Asynchronous Checkpoint Core Utilities
This module provides an async utilities which allow to start a checkpoint save process in the background.
- class nvidia_resiliency_ext.checkpointing.async_ckpt.core.AsyncCallsQueue[source]
Bases:
object
Manages a queue of async calls.
Allows adding a new async call with schedule_async_request and finalizing active calls with maybe_finalize_async_calls.
- maybe_finalize_async_calls(blocking=False, no_dist=True)[source]
Finalizes all available calls.
This method must be called on all ranks.
- Parameters:
- Returns:
- list of indices (as returned by schedule_async_request)
of async calls that have been successfully finalized.
- Return type:
List[int]
- schedule_async_request(async_request)[source]
Start a new async call and add it to a queue of active async calls.
This method must be called on all ranks.
- Parameters:
async_request (AsyncRequest) – async request to start.
- Returns:
- index of the async call that was started.
This can help the user keep track of the async calls.
- Return type:
- class nvidia_resiliency_ext.checkpointing.async_ckpt.core.AsyncRequest(async_fn, async_fn_args, finalize_fns, async_fn_kwargs={}, is_frozen=False)[source]
Bases:
NamedTuple
Represents an async request that needs to be scheduled for execution.
- Parameters:
async_fn (Callable, optional) – async function to call. None represents noop.

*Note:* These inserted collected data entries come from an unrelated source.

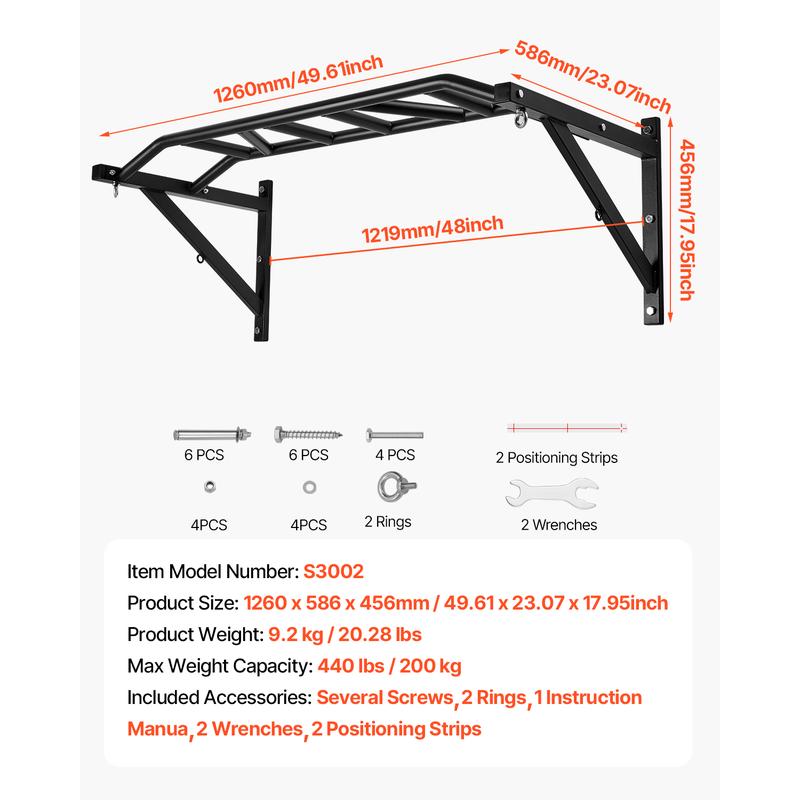 • 440LBS Carbon Steel Frame: This pull up bar is constructed with heavy-duty carbon steel, 1.4mm thick powder coating, rust and corrosion-resistant. Max weight capacity is 440lbs, ensuring security and stability for home and gym use
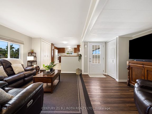 Enjoy relaxed adult living in Big Cedar Estates, a community between Orillia and Barrie. This well-cared-for Mailette model offers flexible 2- or 3-bedroom with a large primary bedroom with walk-in closet. It is an open-concept design, renovated kitchen, upgraded bath, newer laminate flooring, and updated lighting throughout as well as a large storage room and a pantry for convenience. Residents enjoy low-maintenance living with monthly fees of $345 covering water, sewer, lawn care, snow removal, clubhouse, walking trails, fibre optic internet, and Rogers TV, plus boat and RV parking when available. A welcoming home in a vibrant community!
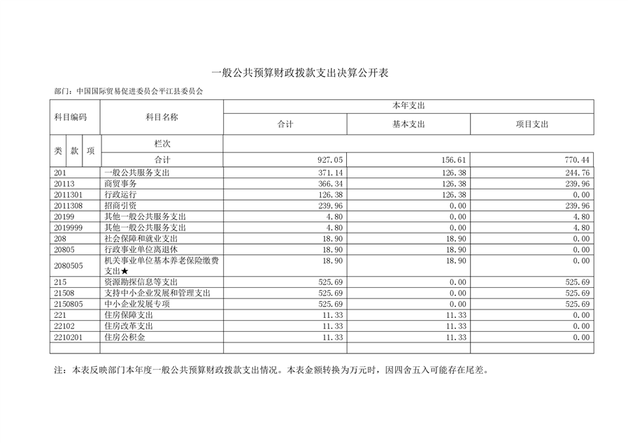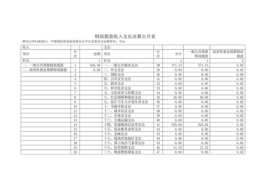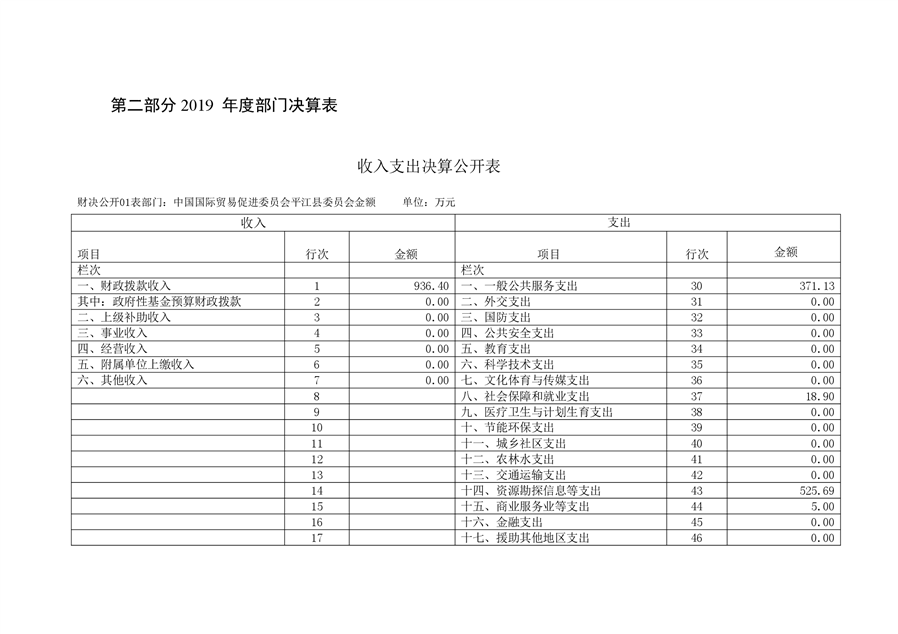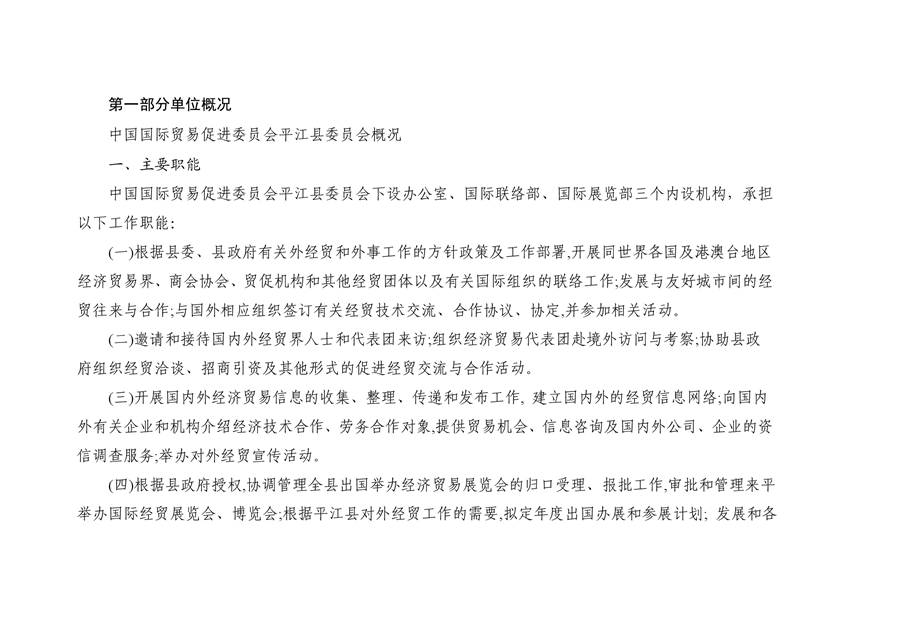 中国国际贸易促进委员会平江县委员会2019年部门决算说明

async_fn_args (Tuple) – args to pass to async_fn.
finalize_fns (List[Callable]) – list of functions to call to finalize the request. These functions will be called synchronously after async_fn is done on all ranks.
async_fn_kwargs (Dict)
is_frozen (bool)
Create new instance of AsyncRequest(async_fn, async_fn_args, finalize_fns, async_fn_kwargs, is_frozen)
- add_finalize_fn(fn)[source]
Adds a new finalize function to the request.
- Parameters:
fn (Callable) – function to add to the async request. This function will be called after existing finalization functions.
- Returns:
None
- Return type:
None
- execute_sync()[source]
Helper to synchronously execute the request.

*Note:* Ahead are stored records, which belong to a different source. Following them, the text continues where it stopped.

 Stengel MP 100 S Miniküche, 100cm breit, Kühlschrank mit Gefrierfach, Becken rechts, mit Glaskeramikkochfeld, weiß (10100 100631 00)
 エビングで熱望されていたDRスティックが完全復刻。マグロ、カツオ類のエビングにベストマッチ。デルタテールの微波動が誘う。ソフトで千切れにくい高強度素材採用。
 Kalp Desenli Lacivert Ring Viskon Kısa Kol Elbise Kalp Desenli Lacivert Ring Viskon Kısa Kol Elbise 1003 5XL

This logic is equivalent to what should happen in case of the async call.
- Return type:
None
- class nvidia_resiliency_ext.checkpointing.async_ckpt.core.DistributedAsyncCaller[source]
Bases:
object
Wrapper around mp.Process that ensures correct semantic of distributed finalization.
Starts process asynchronously and allows checking if all processes on all ranks are done.

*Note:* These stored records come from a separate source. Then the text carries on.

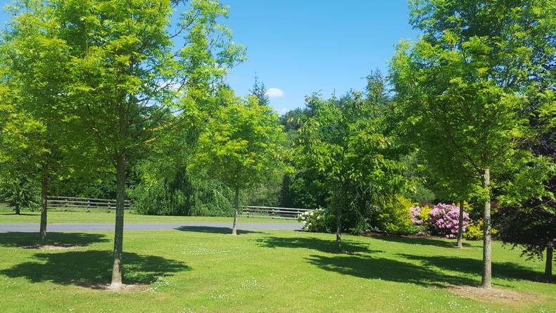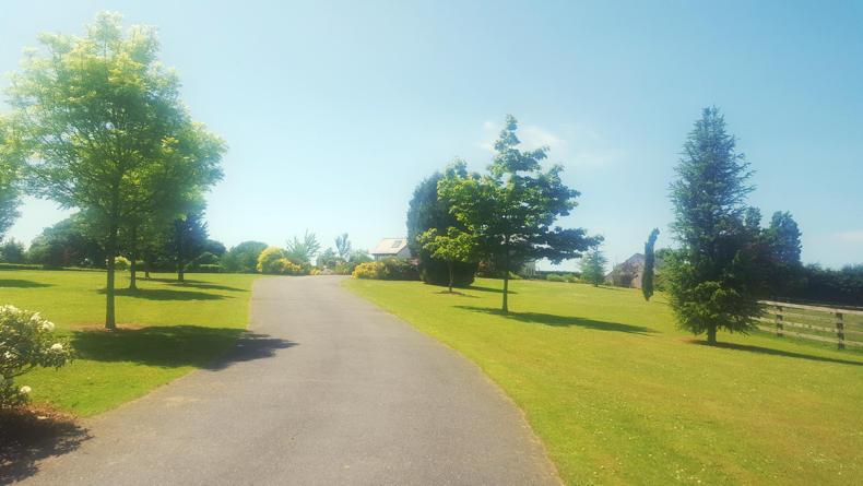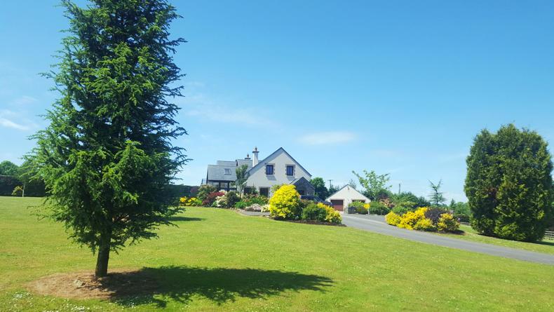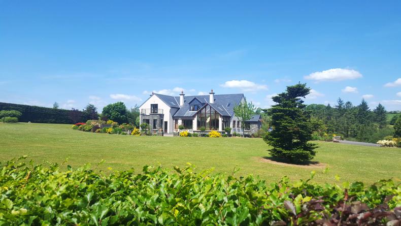 Accessed through Liscannor stone pillars and automatic gates, the property is approached from a winding tarred driveway lined with trees and shrubs on either side.
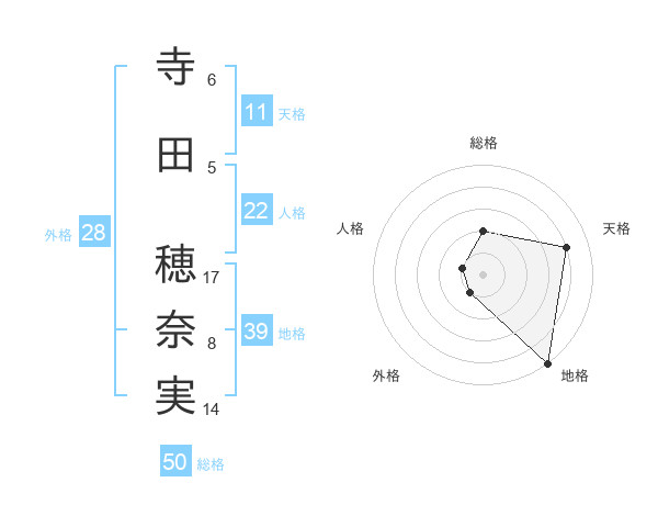 寺田 穂奈実さんの総格は50画の2点!
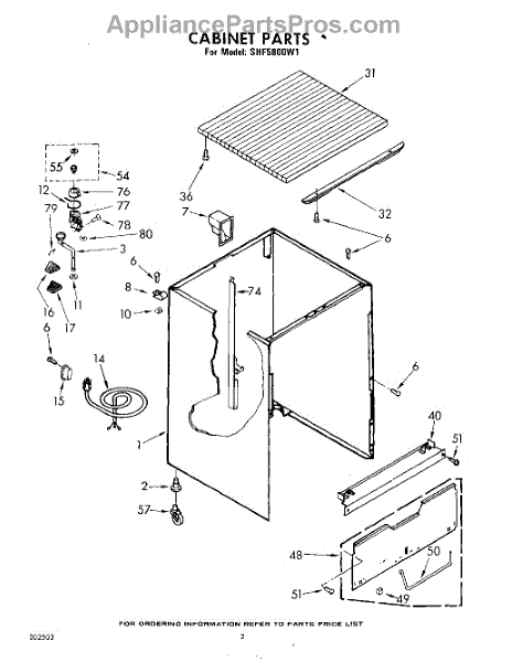 Parts for Whirlpool SHF5800W1: 02 - Cabinet Parts
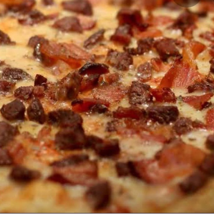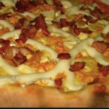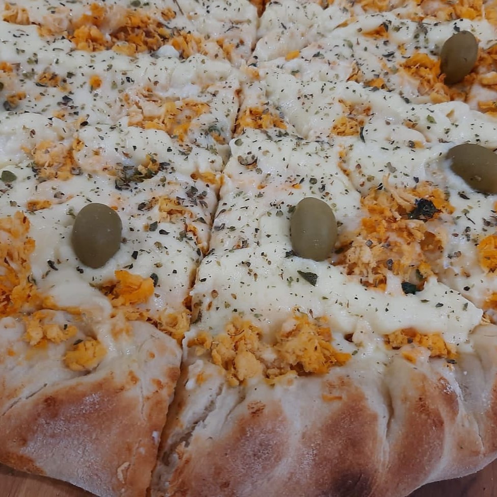 Deliciosa Pizza feita com nossa massa Artesanal, aberta na hora e recheio de Frango desfiado, temperadinho com especiarias frescas, Cream Cheese e Bacon Fatiado. A perfeição de Pizza!Sugerimos acrescentar Borda Recheada, sua Pizza ficará ainda mais Gostosa! **Serve bem até 4 pessoas.

- is_current_async_call_done(blocking=False, no_dist=True)[source]
Check if async save is finished on all ranks.
For semantic correctness, requires rank synchronization in each check. This method must be called on all ranks.
- Parameters:
- Returns:
- True if all ranks are done (immediately of after active wait
if blocking is True), False if at least one rank is still active.
- Return type:
- schedule_async_call(async_fn, save_args, save_kwargs={})[source]
Spawn a process with async_fn as the target.
This method must be called on all ranks.
- Parameters:
async_fn (Callable, optional) – async function to call. If None, no process will be started.
save_args (Tuple) – async function args.
save_kwargs (Dict) – async function kwargs. Default is None
- Return type:
None